■ EXERCISE DATA ■
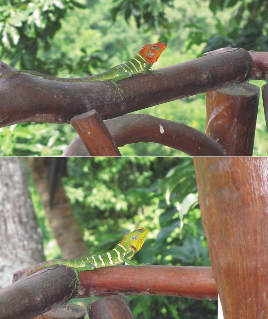 Obiskali smo tudi zavetišče za želve. V njem osveščajo ljudi, s čim vse ogrožamo želvice in kako jim pomagati. Pokazali so, kako jim pomagajo tudi umetno na svet, da tako dodatno zaščitijo kakšno vrsto pred izumrtjem. Najprej zakopljejo jajčka v pesek, nato jih budno spremljajo, dokler ne prikukajo živali na svet. Sprejemajo pa tudi ranjene želve in jih potem, ko ozdravijo, vrnejo v morje. Ko so nam predstavljali vrste, mi je vodič eno dvignil iz bazena in mi jo dal v roke. Morala sem paziti, da mi želvak ne pade iz rok, saj dvignjen v zrak začne kriliti s svojimi okončinami, tehta pa nekaj kilogramov. Smo pa tako najlepše videli zanimive vzorce na želvjih oklepih, po katerih se ločijo posamezne vrste. Posebno doživetje me je čakalo po prihodu domov, ko sem si ogledovala fotografije. Na Adamovem vrhu sem naredila kup slik nekega kameleončka, ki mi je bil zelo všeč. Šele na domačem računalniku sem opazila, da je nenadoma spremenil barvo glave in vratu iz živo rdečkaste v zeleno. Tam tega od navdušenja, da sem ga sploh lahko posnela, nisem niti opazila. Kaj takega…
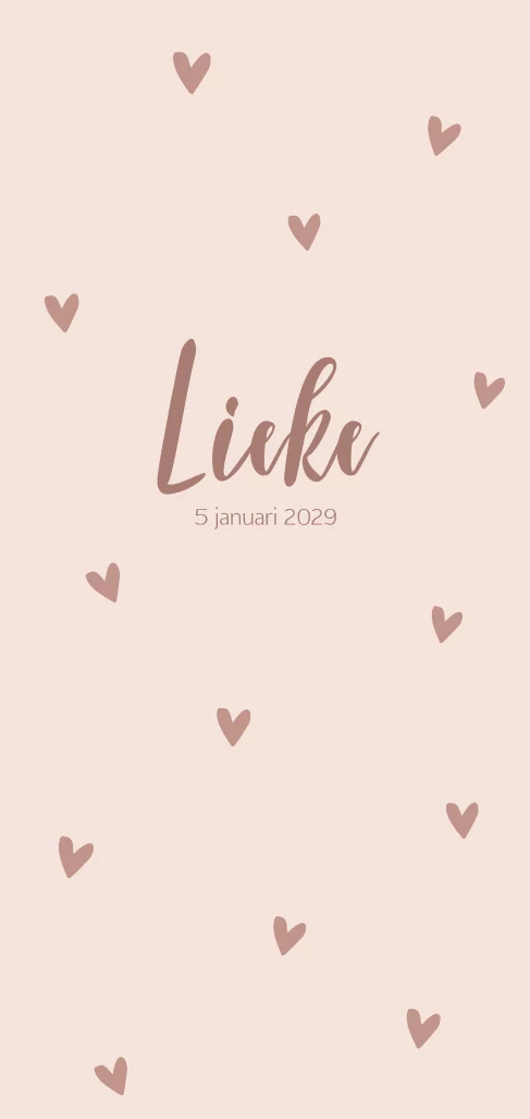 Schattig terracotta-roze geboortekaartje voor een meisje, versierd met liefdevolle hartjes. Door de afgeronde hoeken heeft het geboortekaartje een verfijnde uitstraling. Liever andere kleuren? De kleuren zijn naar wens aan te passen.
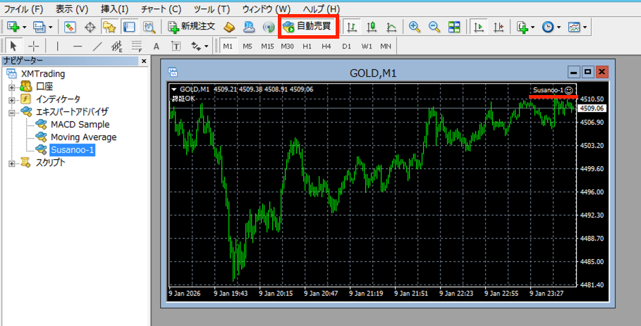 チャート左上に「認証成功」と表示されている状態で、「自動売買」ボタンをクリックすると運用が開始されます。
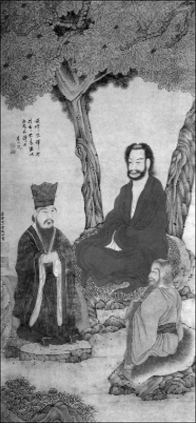 Конфуций, Лао-цзы и буддийский архат. Свиток эпохи Мин
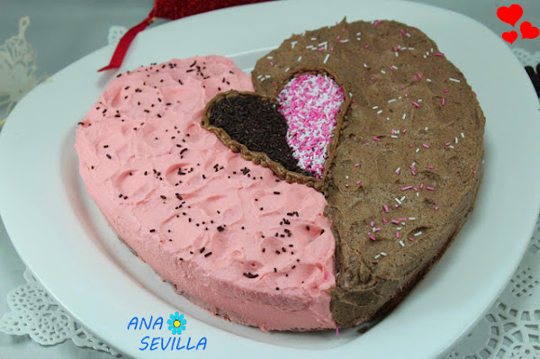 -Cortar el bizcocho en 2 partes y por la mitad, si no tenéis un molde partido. Pincelar con almíbar y rellenar. Tapar, almibarar y cubrir con el resto de la trufa y nata (crema de leche).
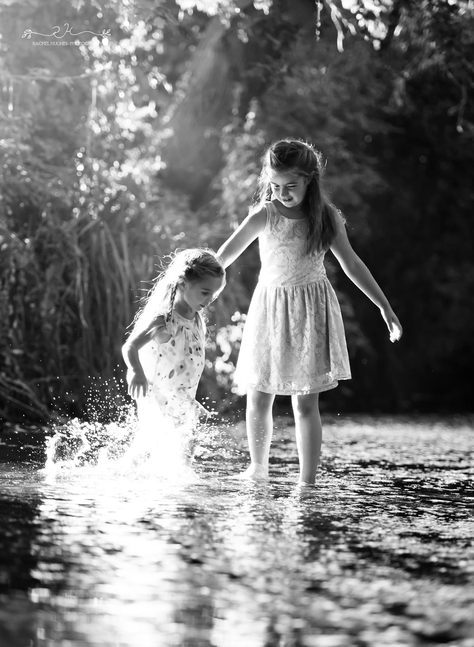 Louise, Scott, and their daughters - Isabella and Amelia - were blessed with a warm summer’s evening for their photoshoot. The girls had beautiful braids in their hair and outfit changes, and I had asked them to bring little fishing nets for the river if they had them. Louise and Scott had also brought along the girls’ favourite tunes to dance to from The Greatest Showman, to play during some parts of the session. They let me know that the girls loved fairies (we looked for them in the trees), bubbles (we caught lots) and dancing (which we did barefoot in the river!). Louise was a little worried that the girls might be shy in front of the camera - certainly little Amelia was at first and didn’t want her picture taken - but after we cracked out some tunes from The Greatest Showman and encouraged them to splash in the river, the camera was soon forgotten and we had a fab time!
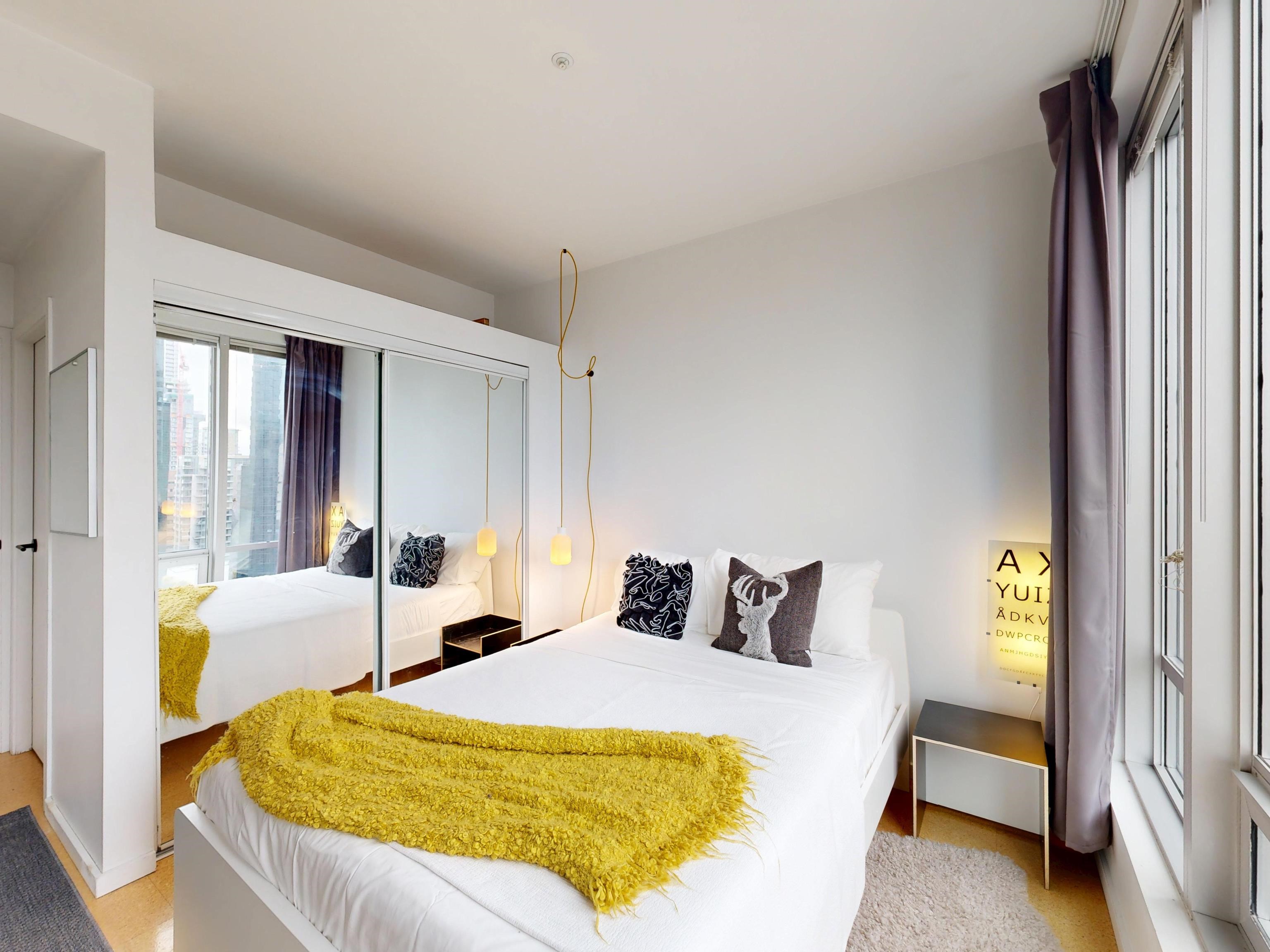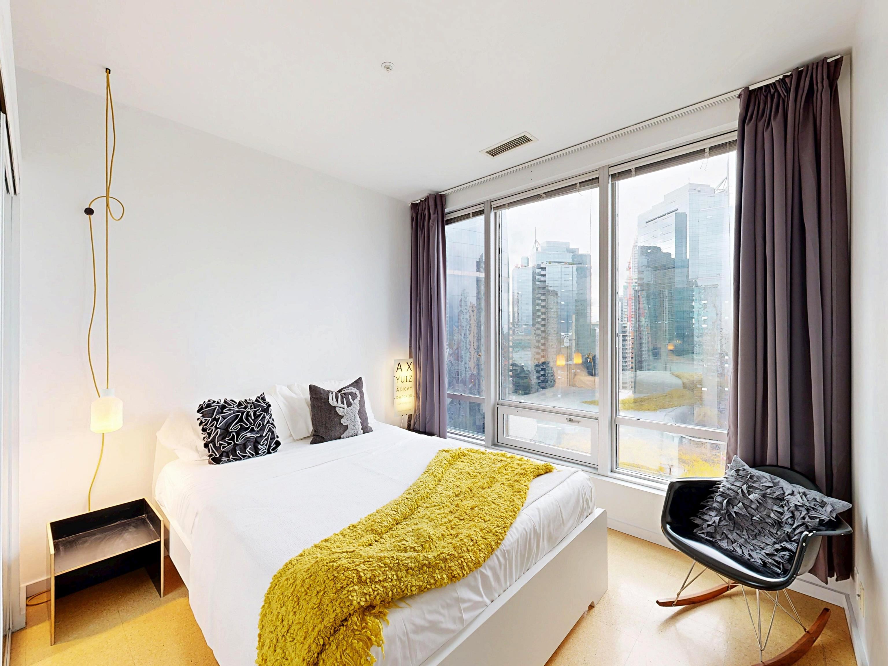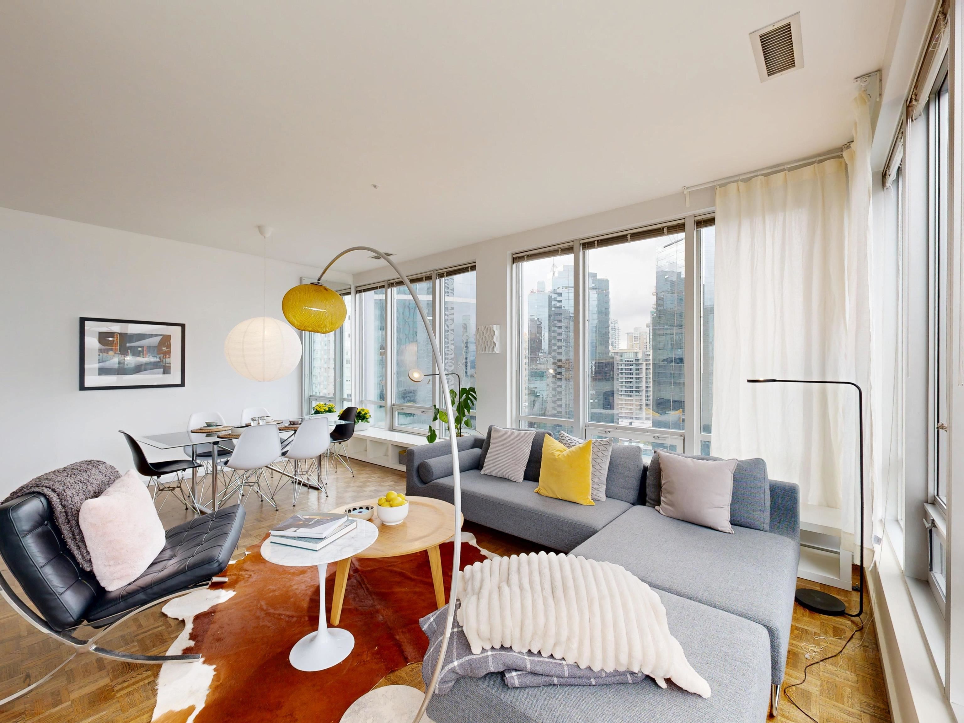 HOT HOT HOT. Convertible 2bd 2ba 810 Sq ft Airbnb friendly unit with AC in the historic Electra. Views of downtown, peak a boo mountain and water views. Own a piece of revenue generating history in the heart of Downtown Vancouver. This unit was configured to easily switch from a 2 bd to a 1 bedroom plus office with an innovative architecturally designed sliding wall system. An ideal Pied de Terre. Great for empty nesters, or even a small family. VERY COOl mid-century modern iconic bldg. Sauna, guest suites,...

■ ACTIVITY ■
From the material above, give again exactly the lines from the one that contains "Конфуций, Лао-цзы и" through the one that contains "-Cortar el bizcocho", and leave out the pictures.

■ ANSWER SECTION ■
 Конфуций, Лао-цзы и буддийский архат. Свиток эпохи Мин
 -Cortar el bizcocho en 2 partes y por la mitad, si no tenéis un molde partido. Pincelar con almíbar y rellenar. Tapar, almibarar y cubrir con el resto de la trufa y nata (crema de leche).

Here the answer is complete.